• (British) IPA: /pɹəˈfɛs/

profess (professes, present participle professing; past and past participle professed)

  1. (transitive) To administer the vows of a religious order to (someone); to admit to a religious order. (Chiefly in passive.) [from 14th c.]
    • 2000, Butler's Lives of the Saints, p.118:
      This swayed the balance decisively in Mary's favour, and she was professed on 8 September 1578.
  2. (reflexive) To declare oneself (to be something). [from 16th c.]
    • 2011, Alex Needham, The Guardian, 9 Dec.:
      Kiefer professes himself amused by the fuss that ensued when he announced that he was buying the Mülheim-Kärlich reactor […].
  3. (ambitransitive) To declare; to assert, affirm. [from 16th c.]

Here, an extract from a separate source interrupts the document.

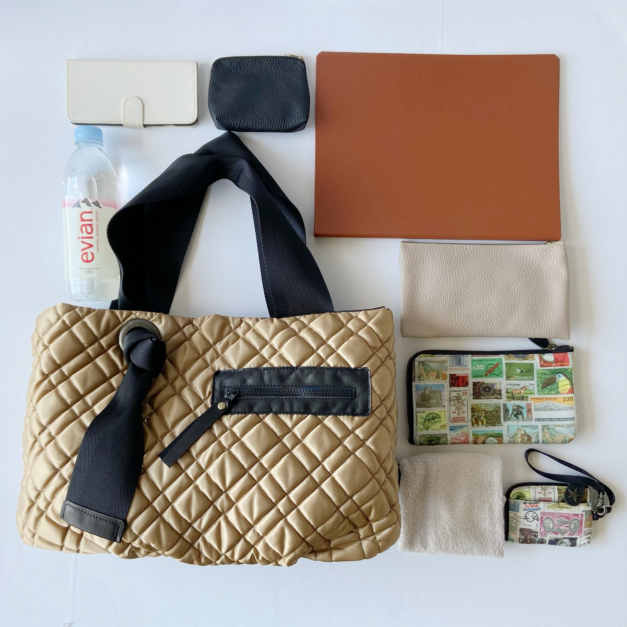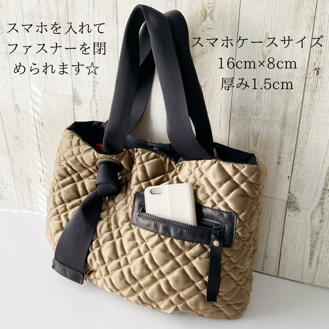 モコモコキルト*大きめトート*ベージュ*A4収納可能*オプションにて斜めがけ・名入れ可能

    • c. 1604, William Shakespeare, Measure for Measure, First Folio 1623:
      He professes to haue receiued no sinister measure from his Iudge, but most willingly humbles himselfe to the determination of Iustice […].
    • 1974, ‘The Kansas Kickbacks’, Time, 11 Feb 1974:
      The Governor immediately professed that he knew nothing about the incident.

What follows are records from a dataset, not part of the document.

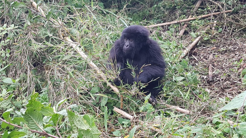 We were informed by the ranger, Roger that this gorilla family that we were privileged to have found was known as the Hirwa family. The word Hirwa means ‘lucky one’ in Kinyarwanda. There were sixteen members of this family, including one silverback. Amazingly, within this family was a set of male twins which was incredibly rare. They had been born in 2011 and were thriving against all the odds. It was these twins that we had come across, alongside another female. This family were known to wander freely between Mount Gahinga and Mount Sabyinyo and where we found ourselves in the jungle was literally on the other side of the mountain to the border with the Democratic Republic of the Congo, and only an estimated one kilometre from the border with Uganda.
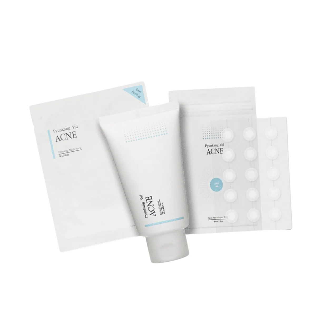 Pyunkang Yul – ACNE komplektukas (valomasis gelis, kaukė nuo spuogų, pleistrai nuo spuogų)
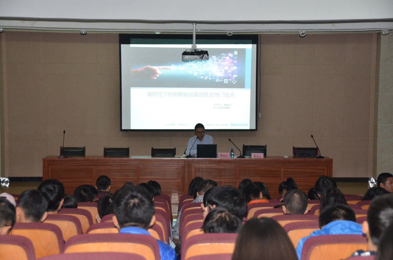 讲座主要从物联网概述与原理、物联网发展背景、物联网场景应用、物联网发展趋势四个方面给同学们展开讲解。讲座从物联网的概述开始为同学们详细讲解了什么是物联网,让对物联网不是很清楚的同学对物联网有了更进一步的了解,同时指出了物联网和互联网的区别。敖晓宝重点给同学们讲述了物联网的应用场景,同时对未来物联网技术成熟后做出了展望,尤其提到了AI,让同学们对物联网的发展有了更多的期待,作为天美科技的CEO,他还给同学们分享了他从业以来遇到的各种问题和困难,以及见识过的新技术,鼓励同学们认真学习专业知识,时代发展日新月异,想要跟上时代的步伐就要更具钻研精神。

  4. (transitive) To make a claim (to be something); to lay claim to (a given quality, feeling etc.), often with connotations of insincerity. [from 16th c.]
    • 2010, Hélène Mulholland, The Guardian, 28 Sep 2010:
      Ed Miliband professed ignorance of the comment when he was approached by the BBC later.
  5. (transitive) To declare one's adherence to (a religion, deity, principle etc.). [from 16th c.]
    • 1983, Alexander Mcleish, The Frontier Peoples of India, Mittal Publications 1984, p.122:
      The remainder of the population, about two-thirds, belongs to the Mongolian race and professes Buddhism.
  6. (transitive) To work as a professor of; to teach. [from 16th c.]
    • 1603, Michel de Montaigne, chapter 12, in John Florio, transl., The Essayes, […], book II, printed at London: By Val[entine] Simmes for Edward Blount […], OCLC 946730821 ↗:
      he was a Spaniard, who about two hundred yeeres since professed Physicke in Tholouse […].
  7. (transitive, now rare) To claim to have knowledge or understanding of (a given area of interest, subject matter). [from 16th c.]